Two of the units are scheduled for export to the United States, to demonstrate for the potential for ‘pop-up’ commuter services; the cost of a one-year period are said to be equivalent to the consultancy costs for opening a new route. Should such an approach be considered in this country too? The gestation period for new services on freight-only routes is probably the best part of 10 years, but it doesn’t have to be like that.
So is Chris’s concept a viable proposition?
Examples In The UK
Chris then goes on to give an example of a successful pop-up station.
When floods swept away the road bridge at Workington in 2009; Network Rail and Northern constructed a pop-up station and introduced additional trains in less than two weeks.
Recently, Liverpool Lime Street station was partly-closed for rebuilding, so Network Rail extended Platform 4 at Liverpool South Parkway station, so that it could be used as a terminus for trains from London and the South.
The picture shows a Virgin Pendelino in the temporary platform.
Passengers could then transfer to Merseyrail to complete their journey to Liverpool City Centre.
Incidentally, I’d like to know how many passengers to and from Liverpool, found it more convenient to catch their London train from Liverpool South Parkway station. Perhaps, after Merseyrail has its new trains, many passengers would like to use Liverpool South Parkway for longer journeys?
Does anybody know of any other instances of pop-up stations like these in the UK?
What Is Needed To Create These Pop-Up Stations?
Various elements must be brought together to build a pop-up station.
Types Of Stations

I can envisage three types of simple stations.
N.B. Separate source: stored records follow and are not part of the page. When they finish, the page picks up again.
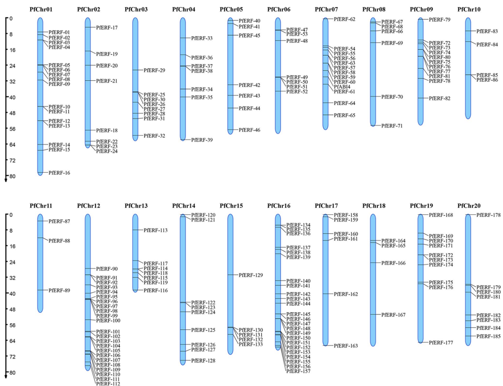 PfERF家族鉴定与特征分析:从紫苏基因组鉴定出186个含单个AP2结构域的ERF成员,分为ERF(68)和DREB(118)两大分支。基因结构分析显示80.11%成员不含内含子,15个保守基序中基序1、2、4、5普遍存在。染色体定位显示成员随机分布于20条染色体,16号染色体分布最多(24个)。
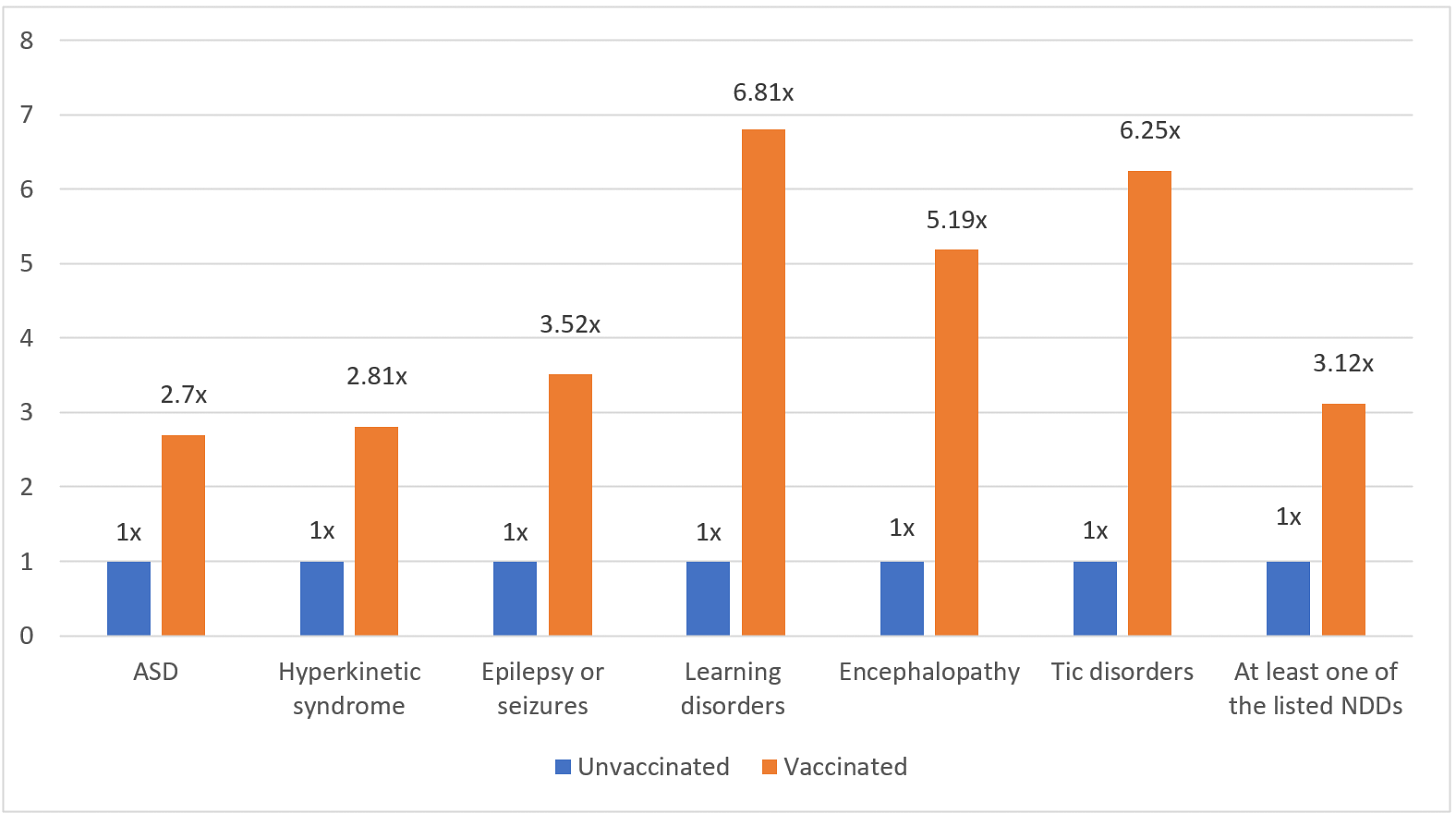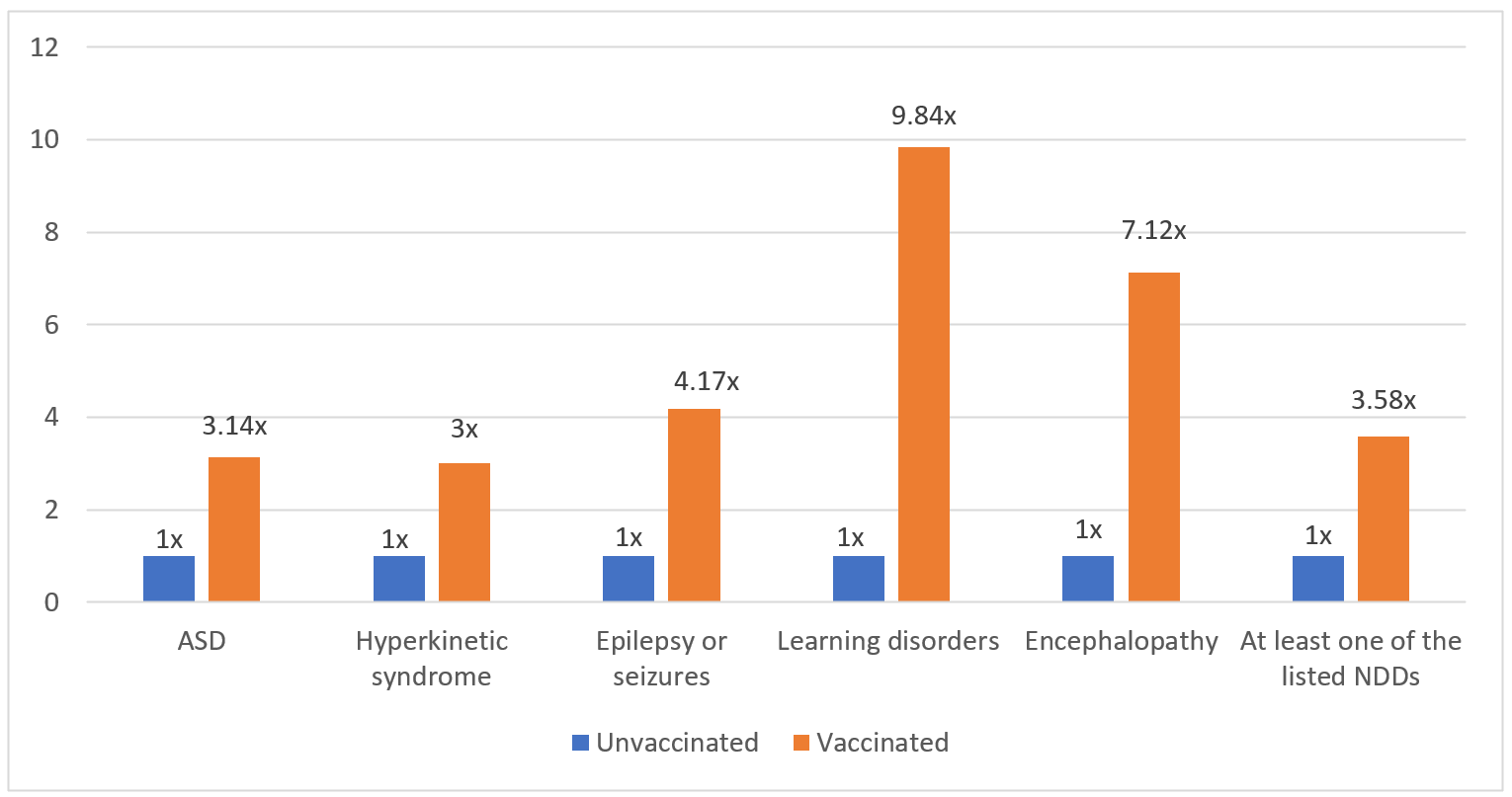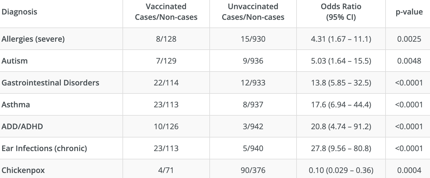 In that study, after after 10 years, 17% of unvaccinated children had a chronic health issue, while 57% of vaccinated children had at least one. In turn, vaccination dramatically increased the rates of many common chronic illnesses (e.g., allergies by 3.03X, asthma by 4.29X, autoimmune diseases by 5.96X ear infections by 6.63X, neurodevelopmental disorders by 5.53X and speech disorders by 4.47X) and autoimmune attacks (e.g., anaphylaxis by 8.88X and asthma attacks by 6.3X) while a wide range of neurological and psychiatric issues (e.g., ADHD, learning disabilities, or tics) were not seen in the unvaccinated whereas hundreds existed in the vaccinated cohort. The two key pieces of data from the study were as follows:
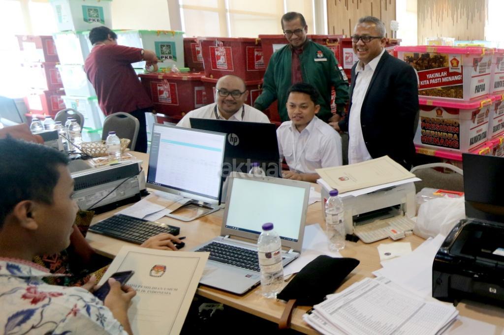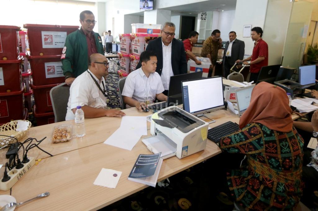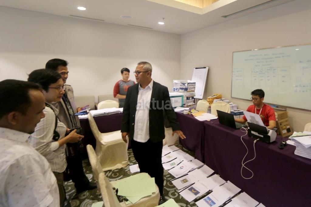 Ketua KPU Arief Budiman meninjau verifikasi administrasi kelengkapan pendaftaran partai peserta pemilu di Hotel Mercure, Harmoni, Jakarta, Kamis (16/11). KPU melakukan verifikasi dalam proses penelitian administrasi parpol peserta Pemilu 2019 untuk mendeteksi adanya kegandaan identitas anggota serta untuk memeriksa status anggota partai masing-masing. AKTUAL/Tino Oktaviano

  1. A one-platform station on a single-track line.
  2. A two-platform station on a double-track line.
  3. A one-platform station on a double-track line.

Note

  1. Type One, would be the simplest and would be worked bidirectionally.
  2. Type Two, would probably require a bridge across the tracks.
  3. Type Three, would need crossovers at both ends of the station, to allow the single platform to be worked bidirectionally.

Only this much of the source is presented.